Source: Gen Z Group www.genzgroup.org/post/english_oneworldonefight

“Wherever our memories, story fragments, visual details, and thoughts laid in the finished comics, they will be different, new, and perhaps…revelatory” — M.K. Czerwiec

ON JANUARY, 23, 2020, two days before Chinese New Year, the Chinese central government ordered a total lockdown of Wuhan, the capital of Hubei Province, and other cities in the province in an attempt to stem the outbreak of a new coronavirus disease—now known as COVID-19. The lockdown ended on April 7, 2020, lasting seventy-six days. About forty-two thousand medical personnel from different parts of China were mobilized to work at ground zero of the COVID-19 pandemic.1 While numerous creative works have emerged out of the lockdown, two pieces in distinct graphic forms specifically present the experience of medical support teams in Wuhan.

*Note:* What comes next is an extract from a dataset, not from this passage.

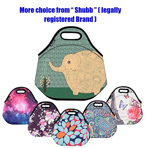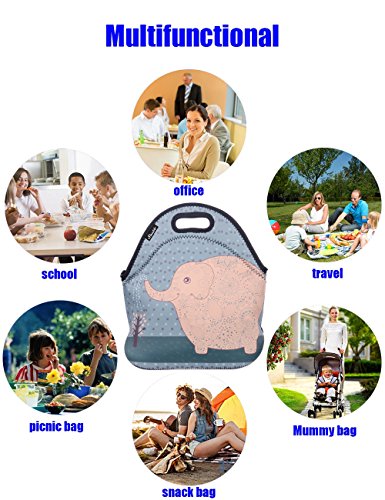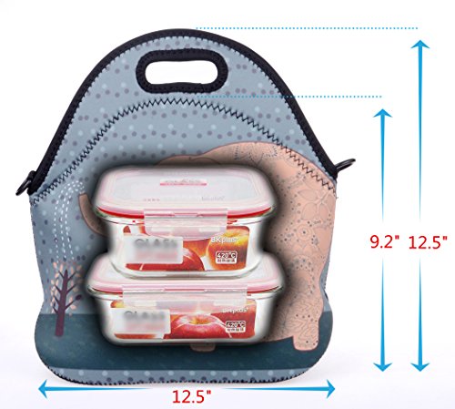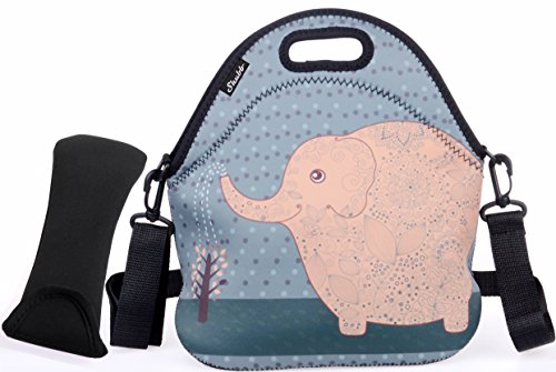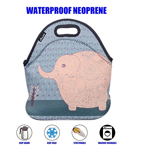 Large Lunch Bag Tote Set, Shubb Neoprene Picnic Cooler Lunch Box for Women and Kids - Blue Elephant

Visual Stories through Comics
Medical Team Diary
《醫療隊日記》 by Dr. Zhou Haibo (周海波) offers an eyewitness account, and One World, One Fight 《世界加油》 produced by Gen Z Group presents a fictionalized narrative of healthcare workers’ efforts in Wuhan.2 Whereas Medical Team Diary manifests an overflow of patriotic sentiments, the main message that One World, One Fight tries to communicate is of global outreach and cooperation. Together, the two works embody practices of graphic medicine in which stories of illness and healthcare work are presented via the visual medium of comics.3

Medical Team Diary
Dr. Zhou’s Medical Team Diary is comprised of fifteen panels of line drawing depicting how Zhou and other volunteers from the Second Affiliated Hospital of Nanjing Medical University participate in fighting COVID-19 at the frontline. With textual explanation beneath each panel, the sketches, in an amateurish style, present Dr. Zhou’s engagement in the rescue mission at Wuhan. Except for the first two panels, in which the color red is used to suggest the festivity of Chinese New Year, the group of military medical staff in the blue uniforms of People’s Liberation Army (PLA), and China’s national flag in red in the final panel, the rest of the twelve panels are all in black and white to mourn for the victims of the pandemic.

“Medical Team Diary”
Source: Xinhua News

Zhou admits that he has read extensively journalistic accounts of medical work in Wuhan and wants to capture “memorable moments” in his diary. In addition to Zhou’s personal experience of traveling to Wuhan with the blessings of friends and relatives, and his clinical work with patients, some of the sketches clearly exhibit media influences. As Ian Williams points out, “[t]he author’s iconography will depend on influences from art, personal observation, and consumption of other medically-themed media, articulated in a blend of intentional and unintentional signs. It will also depend on the skill and style of the artist” (118-19). Clearly Zhou has decided to acknowledge the influence of public images of Wuhan’s medical workers in configuring his iconography of COVID-19.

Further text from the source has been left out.